## THE DATA
=== Section Start ===

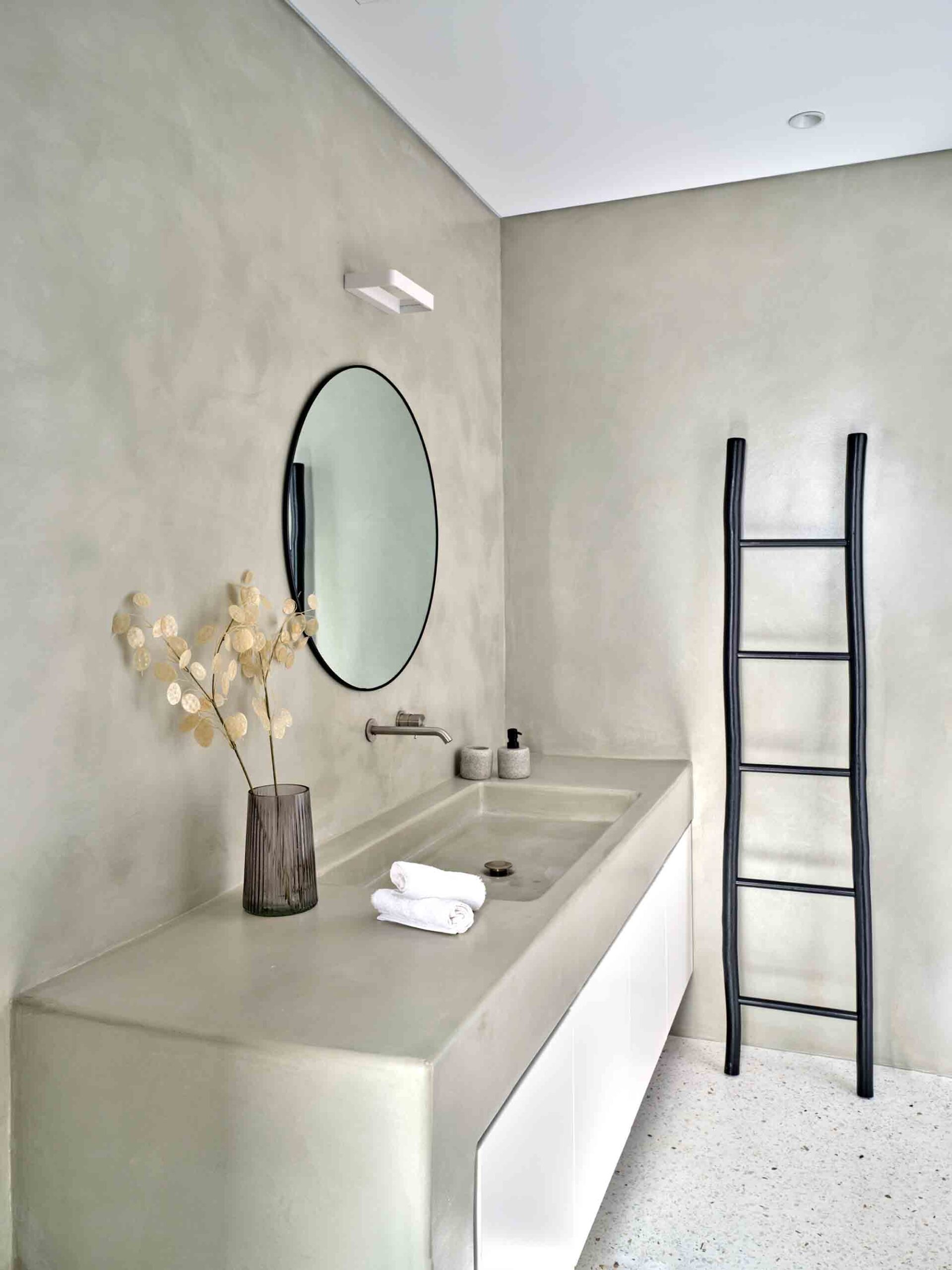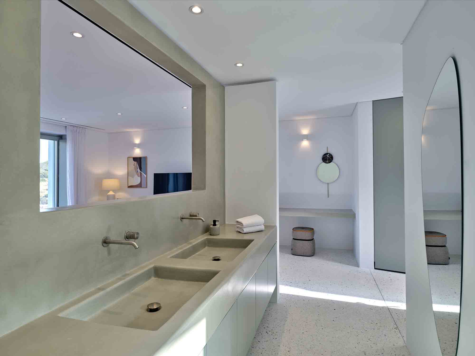 The master suite offers a luxurious retreat, filled with natural light and featuring a spacious bathroom with triple vanities, along with direct access to the main terrace. Two additional en-suite bedrooms, including one with twin beds, are located near the living space, each opening onto the same terrace with serene sea views.
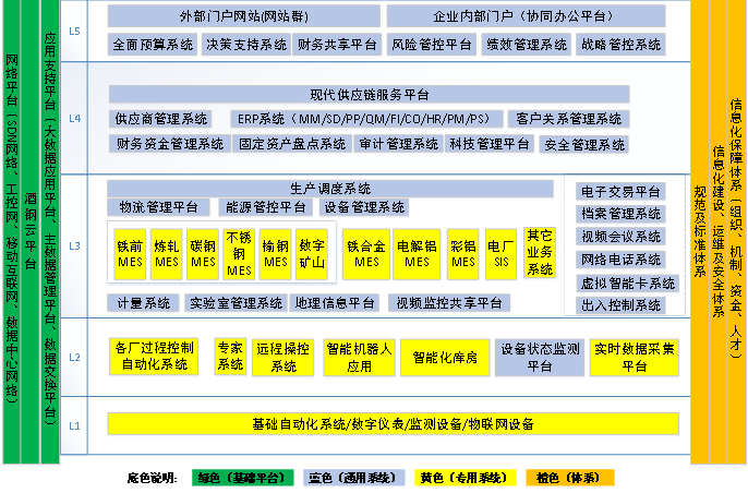 3.應(yīng)用層面 酒鋼十四五規(guī)劃的工業(yè)應(yīng)用系統(tǒng)總體架構(gòu)圖如下:
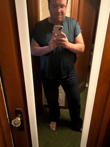 Forest Green Satin Polo–I’m thinking of this as a nice dinner outfit in September or October or a casual piece to wear to a Toastmasters meeting. Pairs well with dark jeans and boots or a nice pair of dress shoes.
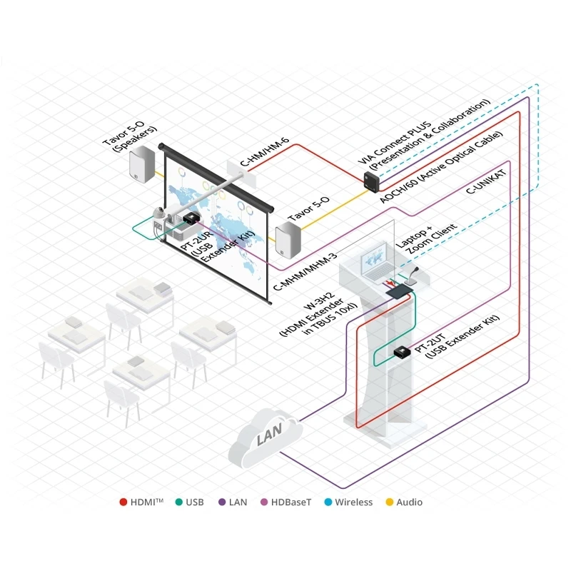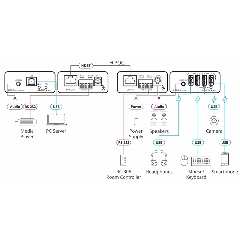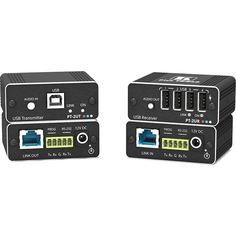 Комплект из передатчика и приемника аудио, USB 2.0 и RS-232 по витой паре HDBaseT с двунаправленным питанием. 4-портовый хаб USB на приемнике.
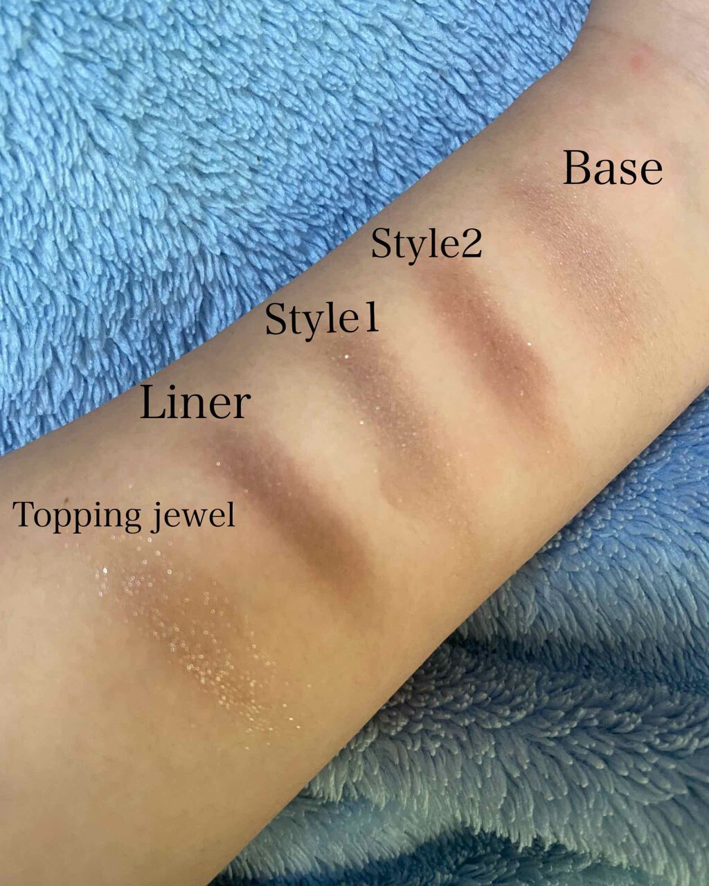 - ラメ・パールは控えめ、しっとり密着して高発色の5色アイシャドウ。1色は上からトッピングできるラメパウダー。ナチュラルスタイルと華やかスタイルを2パターン楽しめるカラーバリエーションです。
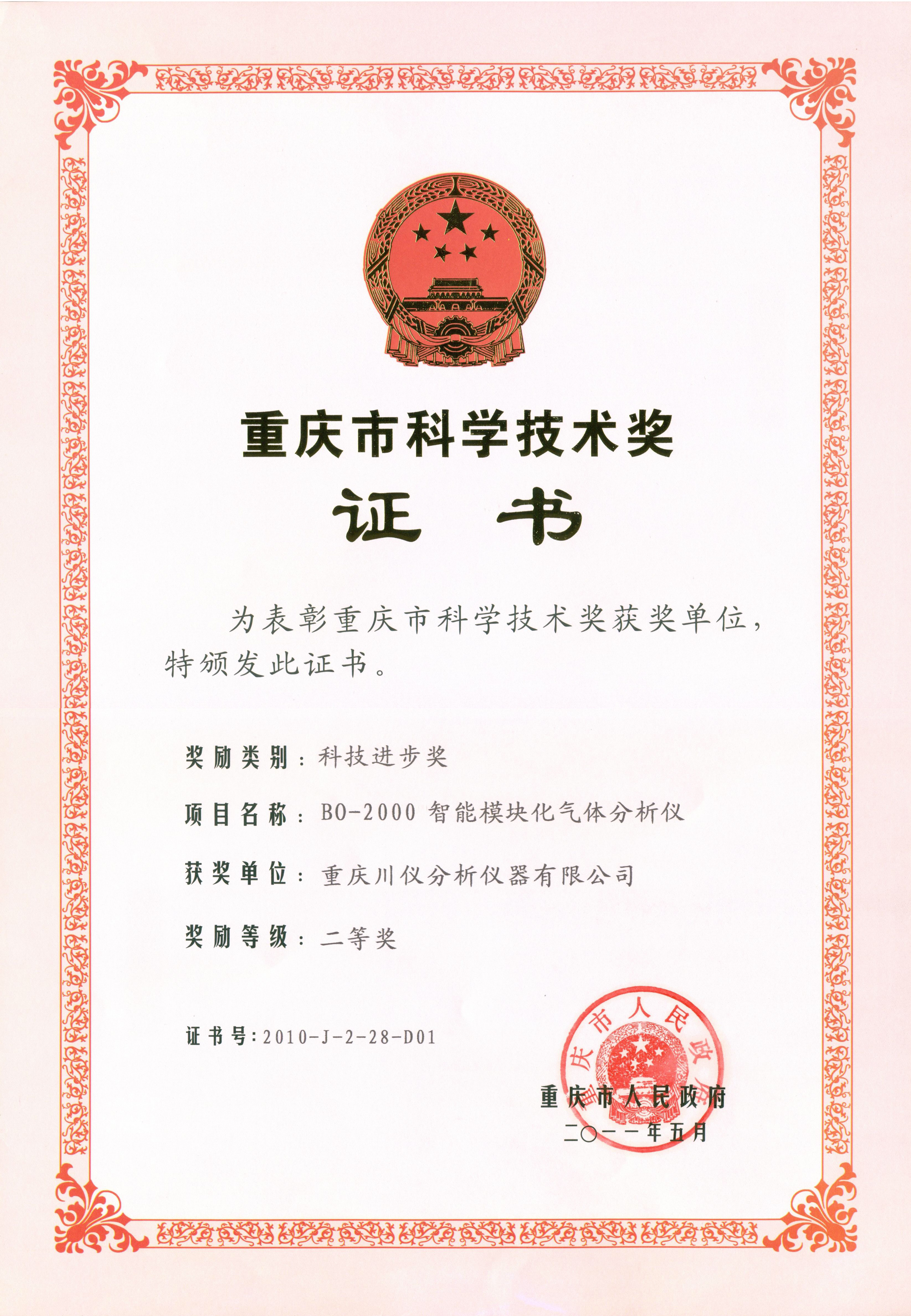 重慶市科技進(jìn)步二等獎(jiǎng)
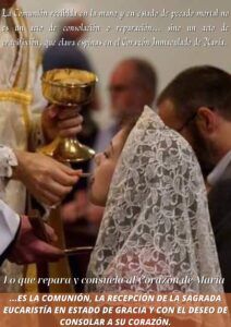 La devoción al Corazón Inmaculado de María consiste sobre todo en la comunión reparadora. Se trata de la expresión más importante de nuestro amor en calidad de pecadores arrepentidos. Cuando amamos intensamente a alguien y, por desgracia, y verdaderamente sin querer, le ofendemos gravemente, deseamos entonces poder volver atrás. Hacemos lo que sea para demostrarle cuánto lamentamos haberle ofendido. Disculparse, borrar lo mejor posible el mal cometido mediante palabras y actos, ¡he aquí la reparación! Cuando alguien recibe la sagrada Comunión en este espíritu de reparación por los pecados cometidos contra el Corazón Inmaculado de María, se halla entonces ante Cristo, quien es el más afectado cuando se insulta a su amadísima Madre. En este momento, podemos realmente intentar consolarle por este deseo de reparación y, a cambio, María nos guiará hacia las mejores disposiciones para recibir a su amado Hijo.
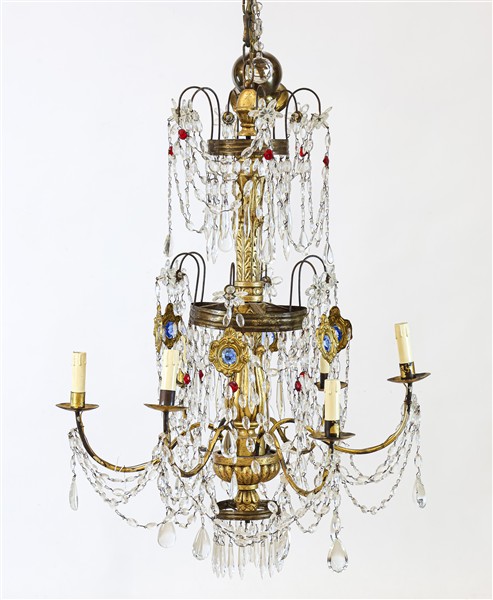 Lampadario a sei luci in stile genovese con fusto in legno intagliato e dorato, bracci e fasce in metallo e lamierino, pendagli in vetro (d cm 68, h cm 115 circa) (difetti e piccole mancanze)
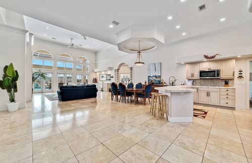 The same stylish decor extends to the exterior, seamlessly blending with the overall elegance of the home. Equipped with top-of-the-line appliances, a kitchen island, and custom cabinetry, the views of the bay from the kitchen are a chef's dream. The master suite is a sanctuary in itself, with its own french doors leading out to the screened-in salt water pool area overlooking the bay, as well as a luxurious en-suite bathroom equipped with a walk-in shower, double vanity, and a jacuzzi tub! The additional bedrooms are equally inviting, each with their own en suite bathroom ensuring comfort and privacy. The living and dining areas flow seamlessly to the outdoor spaces, where the true gem of the home awaits: a spectacular screened-in salt water pool area. The screen enclosure ensures that you can relish the poolside experience without worrying about bugs or debris, while still offering unobstructed views of the stunning bay. Additionally, it provides ample space for lounging and entertaining as it is equipped with a propane grill AND outdoor speakers, making it an ideal spot for relaxing or hosting gatherings. Straight back from the pool area is a well-designed deck that leads directly to a private boat dock. This exclusive feature offers immediate access to the water, making it ideal for boating enthusiasts and providing a convenient spot to tie up your vessel. A cleaning station is also available on the dock! Bring your fishing poles for some of the best fishing right off the dock! The home's exterior is just as impressive, with landscaped gardens and a blend of contemporary and coastal architectural elements that enhance its appeal. Overall, "Lucky View " is a perfect blend of indoor and outdoor living, offering an unparalleled lifestyle with its direct bay access, private boat slip, and stunning salt water pool area. Book your stay today and start making memories that will last a lifetime.
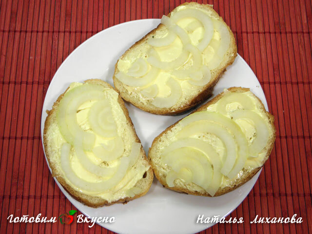 De l'autre côté non doré, étaler du beurre sur chaque morceau et disposer dessus l'oignon coupé en fines demi-rondelles.
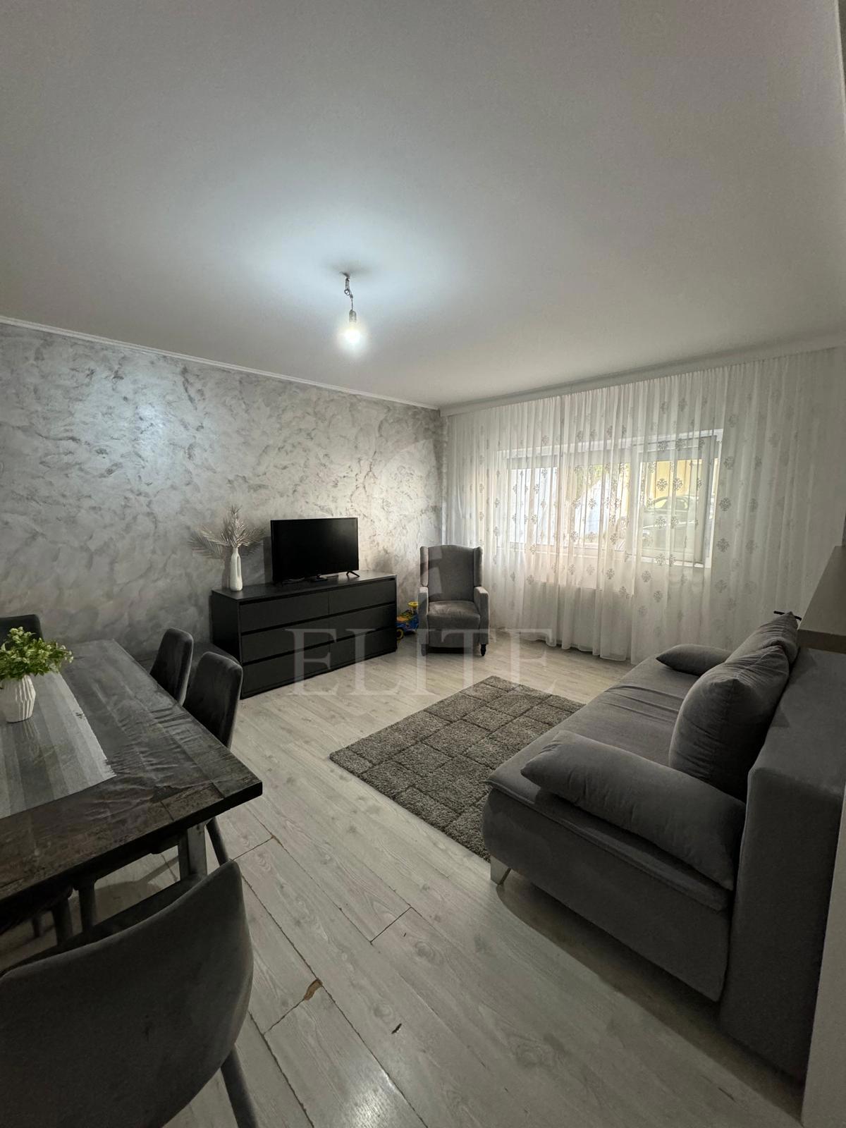 ELITE va ofera spre vanzare apartament cu 3 camere in construcție nouă, situat in cartierul FLORESTI CENTRAL zona STEJARULUI, fiind orientat sudic, Apartamentul are o suprafata utila de 78 mp si este pozitionat la parter, in bloc apartamente, cu izolație exterioară. Este un apartament semidecomandat, confort sporit, cu bucatarie open space,living, 2 dormitoare 2 bai, 1 debara spatioasa.. In interior este finisat modern.Se vinde utilat si mobilat complet. Imobilul dispune de centrală proprie,ferestre termopan,parchet laminat,faianta/gresie modernă,usa de intrare metalica. Apartamentul este dotat cu urmatoarele electrocasnice: cuptor microunde, mașină de spălat rufe, frigider, televizor, cuptor, plită, aragaz. Ideal pentru locuit!

=== Section End ===

The lines running from the beginning of the listing above through the line that holds "Lampadario a sei" are to be duplicated exactly, both ends kept, pictures omitted.

## WRITTEN SOLUTION
 The master suite offers a luxurious retreat, filled with natural light and featuring a spacious bathroom with triple vanities, along with direct access to the main terrace. Two additional en-suite bedrooms, including one with twin beds, are located near the living space, each opening onto the same terrace with serene sea views.
 3.應(yīng)用層面 酒鋼十四五規(guī)劃的工業(yè)應(yīng)用系統(tǒng)總體架構(gòu)圖如下:
 Forest Green Satin Polo–I’m thinking of this as a nice dinner outfit in September or October or a casual piece to wear to a Toastmasters meeting. Pairs well with dark jeans and boots or a nice pair of dress shoes.
 Комплект из передатчика и приемника аудио, USB 2.0 и RS-232 по витой паре HDBaseT с двунаправленным питанием. 4-портовый хаб USB на приемнике.
 - ラメ・パールは控えめ、しっとり密着して高発色の5色アイシャドウ。1色は上からトッピングできるラメパウダー。ナチュラルスタイルと華やかスタイルを2パターン楽しめるカラーバリエーションです。
 重慶市科技進(jìn)步二等獎(jiǎng)
 La devoción al Corazón Inmaculado de María consiste sobre todo en la comunión reparadora. Se trata de la expresión más importante de nuestro amor en calidad de pecadores arrepentidos. Cuando amamos intensamente a alguien y, por desgracia, y verdaderamente sin querer, le ofendemos gravemente, deseamos entonces poder volver atrás. Hacemos lo que sea para demostrarle cuánto lamentamos haberle ofendido. Disculparse, borrar lo mejor posible el mal cometido mediante palabras y actos, ¡he aquí la reparación! Cuando alguien recibe la sagrada Comunión en este espíritu de reparación por los pecados cometidos contra el Corazón Inmaculado de María, se halla entonces ante Cristo, quien es el más afectado cuando se insulta a su amadísima Madre. En este momento, podemos realmente intentar consolarle por este deseo de reparación y, a cambio, María nos guiará hacia las mejores disposiciones para recibir a su amado Hijo.
 Lampadario a sei luci in stile genovese con fusto in legno intagliato e dorato, bracci e fasce in metallo e lamierino, pendagli in vetro (d cm 68, h cm 115 circa) (difetti e piccole mancanze)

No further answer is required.